Q:  What do you do when the lady behind you on the plane yells at you for reclining your seat because she has a baby in her lap?

a)    Show her the baby strapped to your chest and the seat fully reclined in front of you.
b)   Poke her baby until he starts crying.
c)    Give her the spatula and George Foreman grill the guy in the plane before gave you.
d)    Lift up your seat and hope the one in front of you doesn’t crush your child’s head (or spill your whiskey).

Q:  How do you offload two car seats, two sleeping children, five carry-on bags, and two slightly crazed adults out of a plane, down 20’ of steps in freezing Frankfurt temperatures, and in to a packed bus on the tarmac?
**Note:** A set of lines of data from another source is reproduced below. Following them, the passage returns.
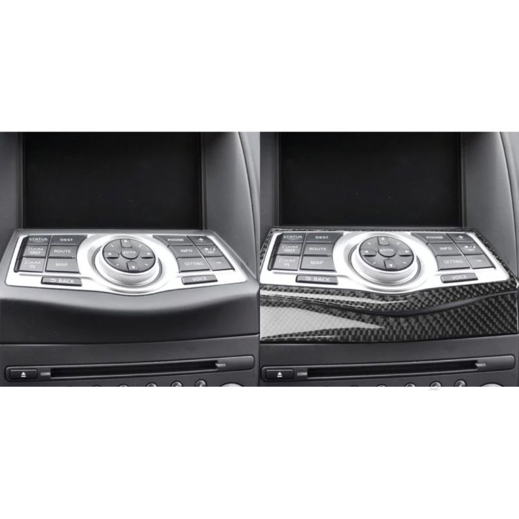 2 in 1 Car Carbon Fiber Multimedia Navigation Buttons Frame Decorative Sticker for Nissan 370Z Z34 2009-, Left and Right Drive Universal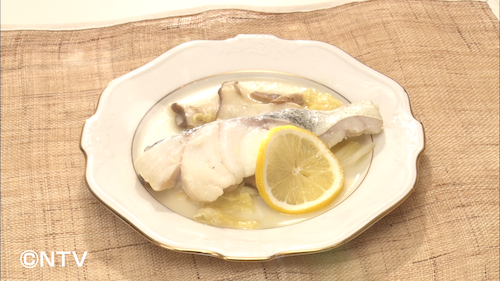 ③①のタラを②の上にのせ(A)をかけ、輪切りのレモンをのせる。ふたをして冷凍庫へ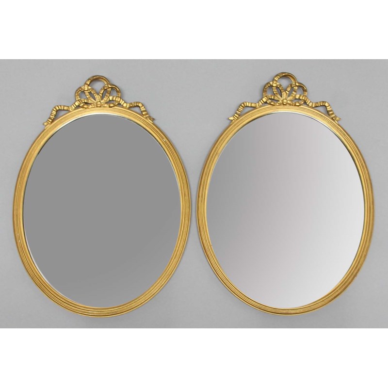 PAIR OF REGENCY STYLE GILT WALL MIRRORS, the bevelled oval plate inside reeded frames and beneath a ribbon crest, height 47cm (2)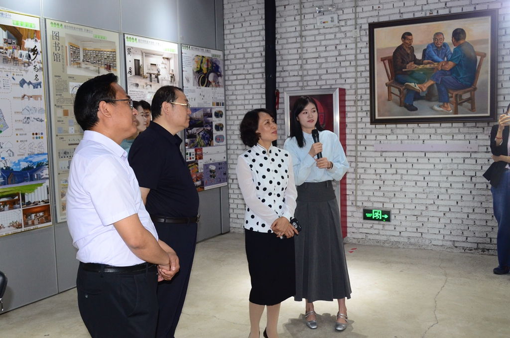 本网讯 5月30日,学校党委书记徐梅,副校长赵卫红、任立春,奎文区委副书记、区长刘建安到潍坊1532文化产业园参观美术学院2024届毕业作品展。

a)    Don’t move until everyone exits the plane hoping all the flight attendants, who can’t leave until you do, do it for you.
b)   Hurl each bag in shot putter form from the top of the stair landing. (the guttural yell is critical to this move)
c)     Be the first to get up and block the aisle with all you stuff until other passengers start helping.
d)    Open the emergency exit, inflate the escape ramp, and slide everything down (make sure and put on your life jacket fully inflated to avoid questioning).

passenger-boarding-stairs

In all seriousness, though, these events did happen to us.  And I learned that no matter how much I prepare for a trip, there is no way to really prepare for everything, especially with kids.  That is what makes traveling with them so much fun!  Whenever I see other adults lugging screaming children through airports I will always remember this trip, and we will probably have several more like it to come. Thus I have a newfound respect for those parents and the level of mental and physical toughness it takes to take on kid-air-travel.